I think in five dimensions, with each of the sensors having the same range of values (0-255?), Euclidean distance would work fine. I only think you'd start to encounter problems using distance when one dimension had a range 0...1, and another had a range of 0...1000, something like that.

That being said, I don't like their use of distance either. But it works in a lot of situations and is a staple method for computing similarity.

Pankaj said...

I agree with you but the problem arises when we measure the distance and observe that the vectorial distance vector is something like [ 100 1 1 4 6] and assuming that it is the shortest distance , if we look at each dimension individually, then this '100' is certainly going to be the measure.

I might be wrong but thats what came to my mind!!!

Brandon said...
This comment has been removed by the author.
Brandon said...

commented on the wrong post originally...

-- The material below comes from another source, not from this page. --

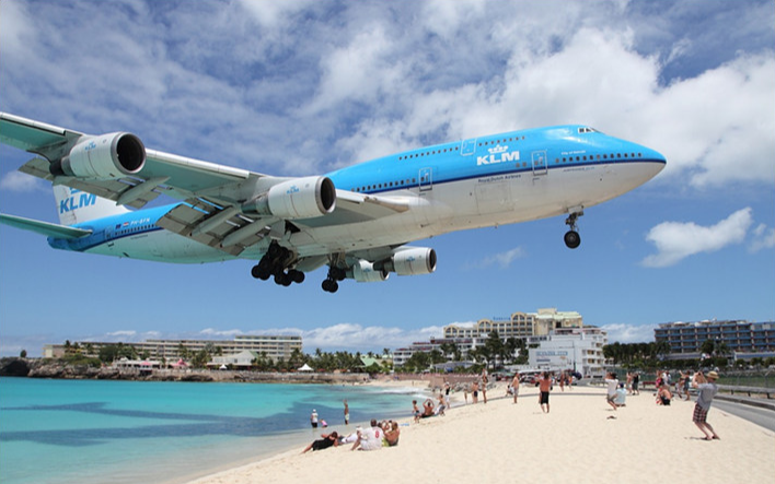 오늘은 Prepare3D로 PMDG 보잉 747-400으로 휴양지로 유명한 프린세스 줄리아나 공항에서 이륙해 본다. 세계에서 가장 위험한 공항 중에 하나다. 해변 옆에 바로 활주로가 붙어 있다.

i think having a user independent system would be GREAT but that's a very hard problem.

Pankaj said...

I agree with it Brandon!! User independent is very difficult problem!!!

Paul Taele said...

Most of the blog posts (including mine) have been harping on this paper for not publishing its results. Ignoring that aspect, I think the paper was able to accomplish a lot using an inexpensive commercial product. Sensor values will be strange, but I think it was partly justified in the paper by the authors with how the glove's use would be assumed to be in a normal computer usage position.